Data section:
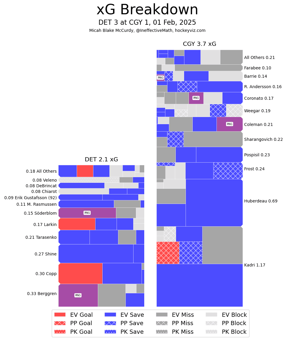 (Stats compiled from Naturalstattrick.com // Game Score from Hockeystatcards.com // xG and Under Pressure charts from HockeyViz.com // Game Flow and Shot Heatmap from NaturalStatTrick.com)
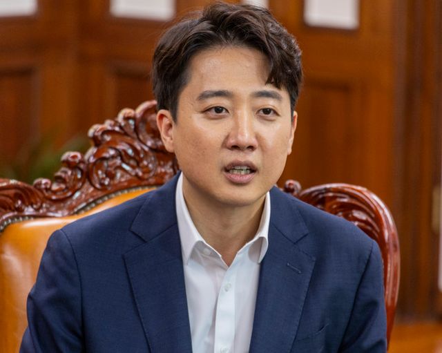 이준석 개혁신당 대표가 19일 취임 인사차 우원식 국회의장을 예방해 의장 집무실에서 환담하고 있다. © 연합뉴스
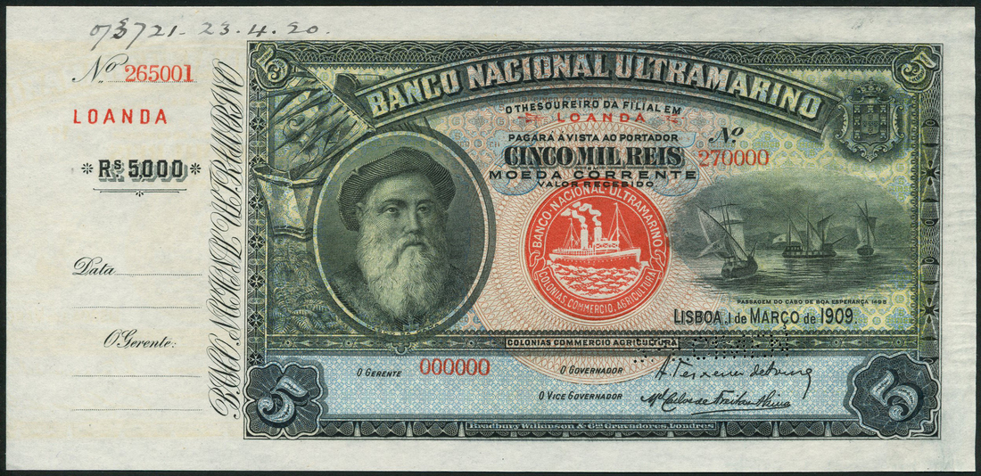 (†) Banco Nacional Ultramarino, Angola, printer's archival specimen 5 Mil Reis with counterfoil, 1 March 1909, serial number run 000000 to 270000, black on blue, green and yellow underprint, portrait of Vasco da Gama at left, passage of ships round The Cape of Good Hope at right, steamship seal Type III at centre, red overprint LOANDA at upper centre, reverse green, allegorical woman looking out at sailing ships, perforated SPECIMEN

What to do: A faithful copy of the data is required: each word kept, each picture omitted.

Your solution:
 (Stats compiled from Naturalstattrick.com // Game Score from Hockeystatcards.com // xG and Under Pressure charts from HockeyViz.com // Game Flow and Shot Heatmap from NaturalStatTrick.com)
 이준석 개혁신당 대표가 19일 취임 인사차 우원식 국회의장을 예방해 의장 집무실에서 환담하고 있다. © 연합뉴스
 (†) Banco Nacional Ultramarino, Angola, printer's archival specimen 5 Mil Reis with counterfoil, 1 March 1909, serial number run 000000 to 270000, black on blue, green and yellow underprint, portrait of Vasco da Gama at left, passage of ships round The Cape of Good Hope at right, steamship seal Type III at centre, red overprint LOANDA at upper centre, reverse green, allegorical woman looking out at sailing ships, perforated SPECIMEN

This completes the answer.